Olivier Roy (born 1949 in La Rochelle) is a French political scientist, professor at the European University Institute in Florence, Italy. He has published articles and books on secularisation and Islam including "Global Islam", and The Failure of Political Islam. He is known to have "a different view of radical Islam" than some other experts, seeing it as peripheral, Westernized and part of a radicalized and "virtual" rather than pious and "actual" Muslim community. More recently he has written on the Charlie Hebdo shooting, and the November 2015 Paris attacks.

Early life 
Roy was born in 1949 in La Rochelle.
Roy received an agrégation in philosophy and a master's degree in Persian language and civilization in 1972 from the French Institut National des Langues et Civilisations Orientales. In 1973 he worked as high school teacher. In the 1970s he was active in the maoist movement "La Gauche prolétarienne" (Proletarian Left). In 1996, he received his PhD in political science from the IEP.

Career 

He was previously a research director at the French National Center for Scientific Research (CNRS) and a lecturer for both the School for Advanced Studies in the Social Sciences (EHESS) and the Institut d'Études Politiques de Paris (IEP).
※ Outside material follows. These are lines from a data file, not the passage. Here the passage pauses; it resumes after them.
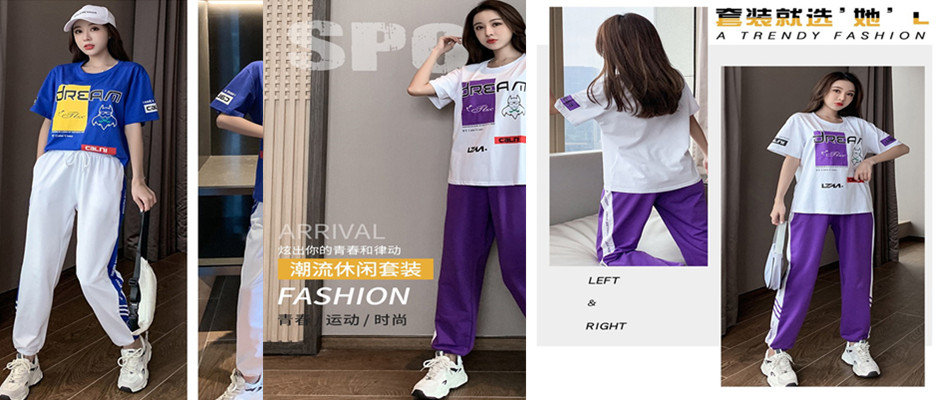 运动服套装女夏季新款时尚潮牌洋气短袖T恤女休闲九分裤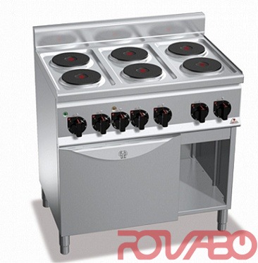 Darbo ir priekiniai paviršiai iš nerūdijančio plieno AISI 304. Apvalios 6 ketaus kaitlentės Ø 180 mm, kiekviena po 2 kW, su kaitinimo elementais, kurie hermetiškai įlituoti. 6 perjungimo padėtys. Apsaugos termostatas. Įjungimo ir darbo būvio davikliai. Užapvalinti kraštai. Bortelis nuo taškymosi. Nerūdijančio plieno elektrinė konvekcinė orkaitė su 3 lygių kreipiančiosiomis (GN 1/1 530х325 mm), 20/10 nerūdijančio plieno karščiui atspari durų rankena. Komplekte 1 grotelės GN1/1.
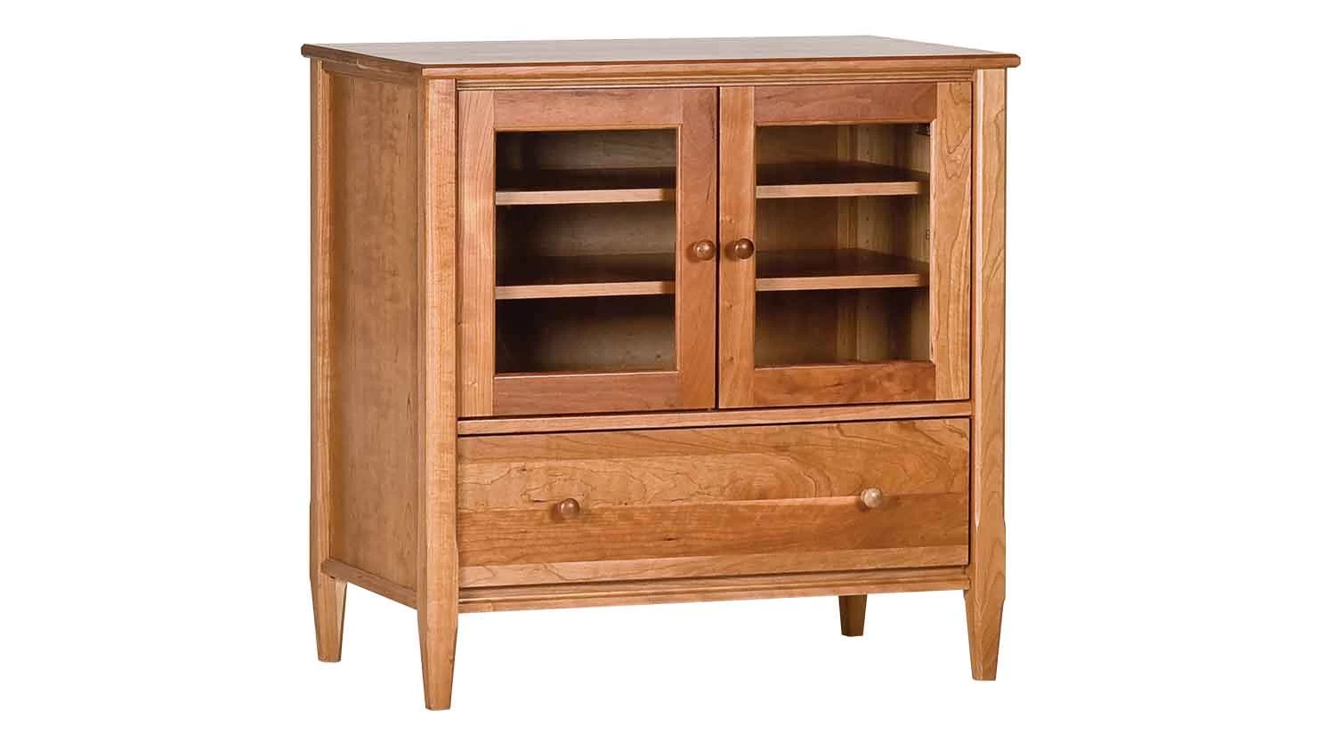 The Shaker Media collection is an attractive and practical solution to housing your TV and components. The glass doors come with soft close hinges and the drawers are constructed with french dovetail joinery. The drawers have full extension ball bearing sliders which offer full access to the rear of the drawer. Available in Natural Cherry, Autumn Cherry, and Chocolate Cherry.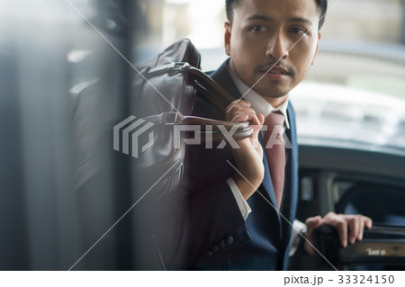 A businessman is carrying his bag over his shoulder and looking at the car.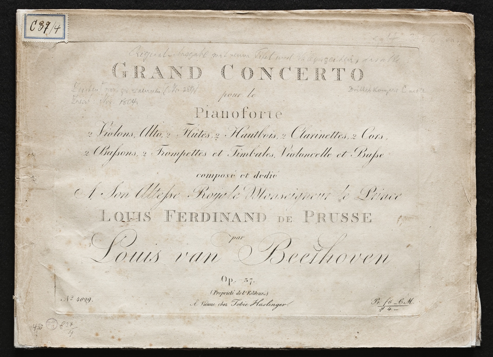 Ludwig van Beethoven, Konzert für Klavier Nr. 3 (c-Moll) op. 37, Stimmen, Haslinger, 4029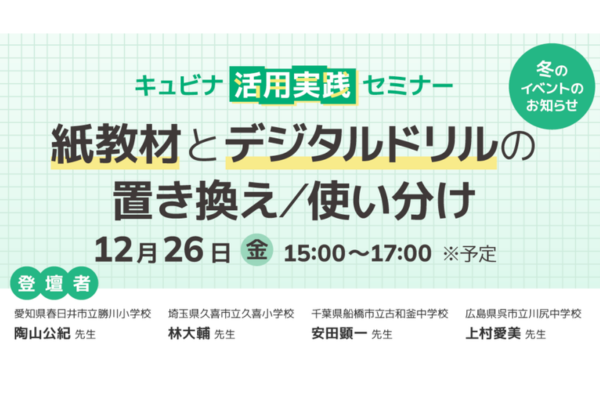 COMPASSは12月26日に、全国の自治体および学校関係者を対象に「紙教材とデジタルドリルの置き換え/使い分け事例」を共有するオンラインセミナーを開催する。同社が開発・提供する学習eポータル+AI型教材「キュビナ」を活用している小学校・中学校教員が登壇し実践発表が行われる。

From 1984 to 2008, he was a consultant for the French Foreign Ministry. In 1988, Roy served as a United Nations Office for Coordinating Relief in Afghanistan (UNOCA) consultant. Beginning in August 1993, Roy served as special Organization for Security and Co-operation in Europe (OSCE) representative to Tajikistan until February 1994, at which time he was selected as head of the OSCE mission to Tajikistan, a position he held until October 1994.

Roy is the author of books on Iran, Islam and Asian politics. These works include Globalized Islam: The search for a new ummah, Today's Turkey: A European State? and The Illusions of September 11. He also serves on the editorial board of the academic journal Central Asian Survey.
His best-known book, L'Echec de l'Islam politique (1992) (The Failure of Political Islam) (1994), is a standard text for students of political Islam.
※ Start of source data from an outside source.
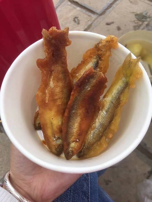 海边的小吃,炸鱼串,看上去还不错,肠胃不是太好没敢吃完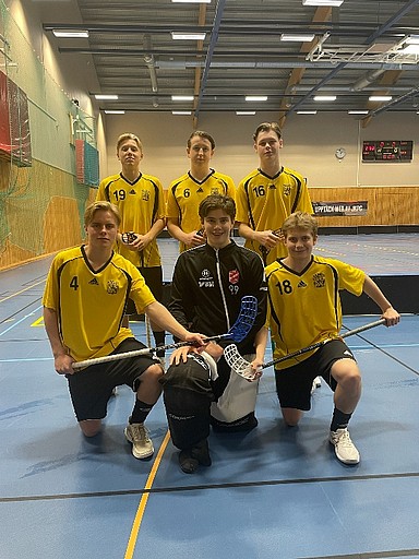 Övre raden: Wilmer Sjöäng, Milo Adlivankin, Louie Nyman Nedre raden: Måns Kvarndal, Liam Eriksson, Alfred Larsson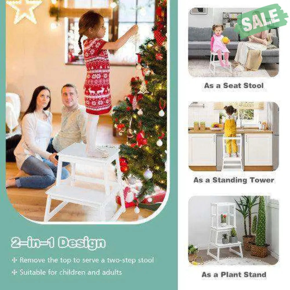 As a step stool it elevates your little one to counter height helping them to independently wash hands prepare food or brush teeth. Besides it can also serve as a plant display rack for storage and a seat bench for relaxing. To better protect kids' safety it features four-sided safety rails and spacious platform. When not in use you can detach the top rails. In addition safe pine wood material burr-free surface and odorless painting also ensure excellent security. And it has passed ASTM certification. On the other hand with A-shape structure reinforced crossbar and screw connection it's strong stable and not easy to wobble.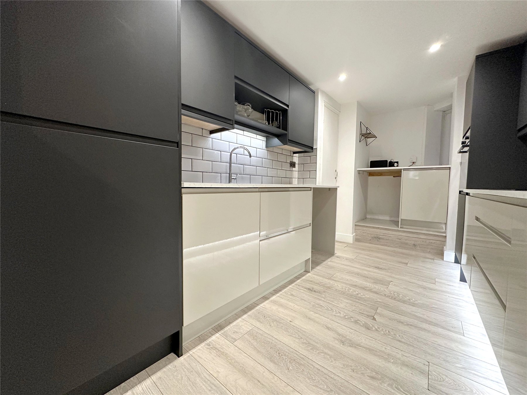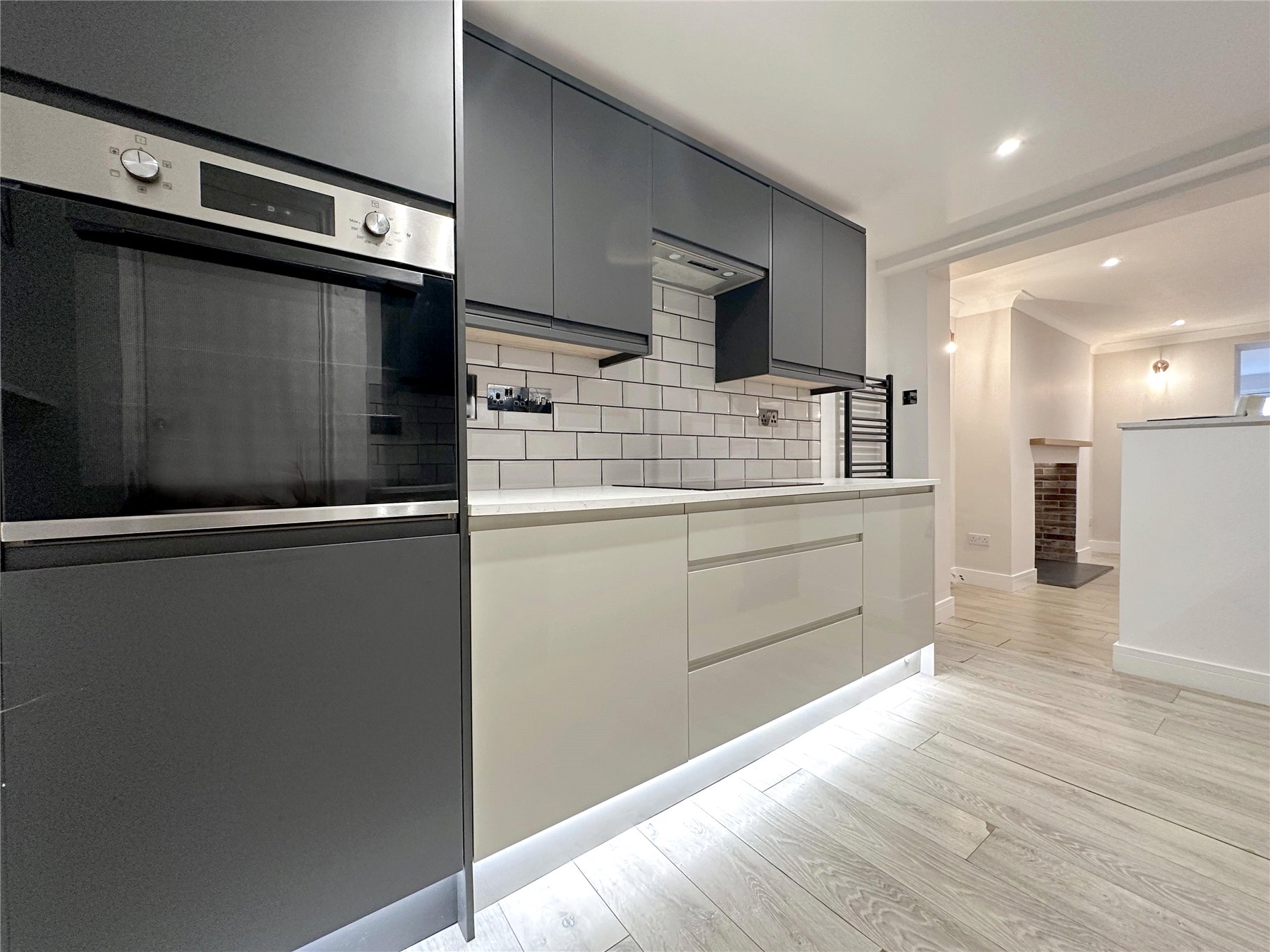 KITCHEN 7'11" x 12' (2.41m x 3.66m). This newly refurbished kitchen offers a stylish and practical layout, featuring a wide range of wall and floor mounted cupboards and drawers that provide ample storage. Induction hob and an integrated extractor above. built-in electric oven. A stainless steel sink with drainer and mixer tap. Integrated dishwasher and fridge freezer. Space for a washing machine and tumble dryer. Undercounter lighting. Handy storage cupboard with shelving adds further utility. The space is finished with a heated towel rail and a double-glazed side window.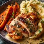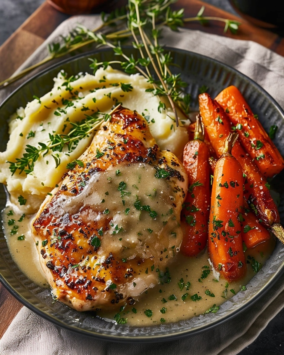 This comforting plate brings together crispy, herb-seasoned chicken thighs, a silky pan gravy, creamy mashed potatoes, and sweet roasted carrots. It’s a complete dinner that feels special but stays simple enough for a weeknight.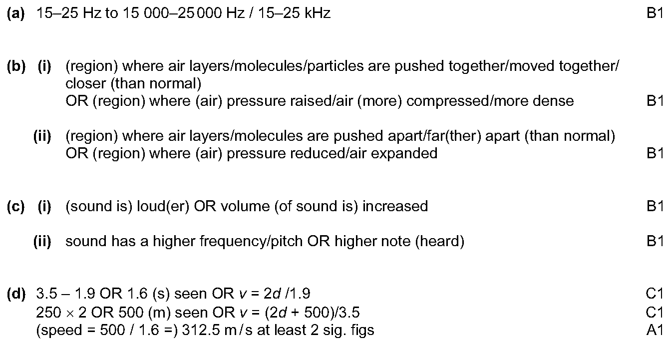 (a) Fig. 6.1 shows the position of layers of air, at one moment, as a sound wave of constant frequency passes through the air. Compressions are labell...

Roy wrote widely on the 2005 civil unrest in France, rebutting the suggestion that the violence was religiously inspired.  He argues that Islamism is merely the rubric under which troubled youth enact their violent inclinations.  A view adamantly opposed by Roy's intellectual rival, Gilles Kepel.

According to Judith Miller, in the wake of the September 11 attacks Olivier argued that militant Islamism of the type represented by Al Qaeda had peaked and was fading into insignificance.
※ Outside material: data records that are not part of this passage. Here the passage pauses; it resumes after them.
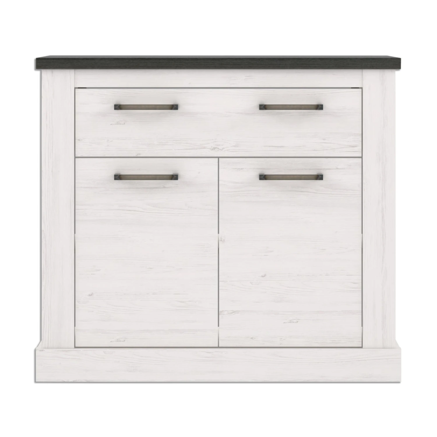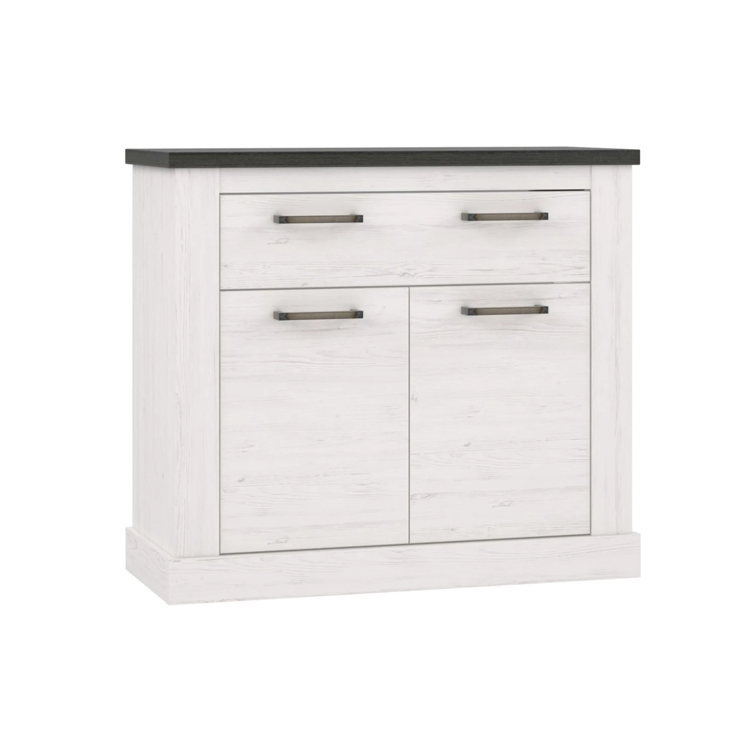 In dieser etwa 102 Zentimeter breiten Kommode finden Sie eine Menge Stauraummöglichkeiten für die verschiedensten Utensilien. Hinter den beiden Türen können Sie beispielsweise Ihr Schuhe verstauen und im zweigriffigen Schubkasten finden kleinere Gebrauchsgegenstände reichlich Platz. Der Farbmix aus Pinie weiß und Touchwood Nachbildung wird in Ihrem Eingangsbereich für ein modernes Ambiente sorgen.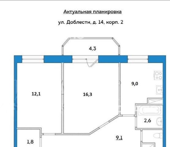 2-к кв. Санкт-Петербург ул. Доблести, 14к2 (52.2 м²)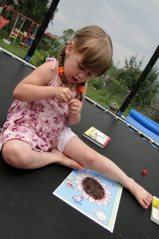 Свое знакомство с подсолнухом мы начали со сказки о том, как появляется подсолнух. Иришка слушала внимательно и что самое интересное - запомнила, не все конечно, но многое) Уже не первый раз убеждаюсь, что со сказками занятие проходит намного интересней и продуктивнее. За что и очень люблю ФМ Оксаны. Затем мы решили поиграть в игру, заполняли подсолнух семечками (Ирен конечно же выиграла, чему была несказанно рада))).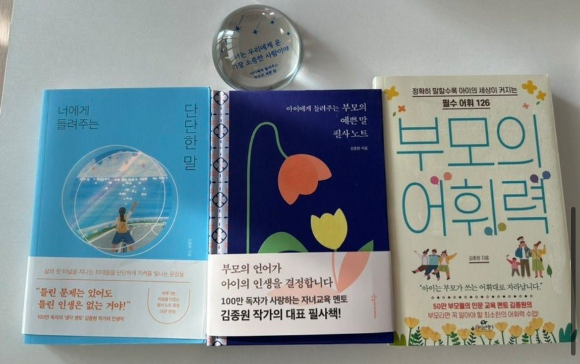 아이는 역시 새로 나온 김종원 작가님 저서 <아이에게들려주는 부모의 예쁜 말>과 <김종원의 초등 필사 일력> 책을 펼치는 나의 순간을 사진에 꼭 담아준다.

His book Secularism Confronts Islam (Columbia, 2007) offers a perspective on the place of Islam in secular society and looks at the diverse experiences of Muslim immigrants in the West. Roy examines how Muslim intellectuals have made it possible for Muslims to live in a secularized world while maintaining the identity of a "true believer."

In 2010 he published Holy Ignorance, When Religion and Culture Part Ways, an analysis of religion, ethnicity and culture and the results when these part ways.

After the Charlie Hebdo shooting he argued that most French Muslims were committed to prevent violence, and after the November 2015 Paris attacks, he wrote a strategic analysis of ISIS and the fight against it, published in The New York Times.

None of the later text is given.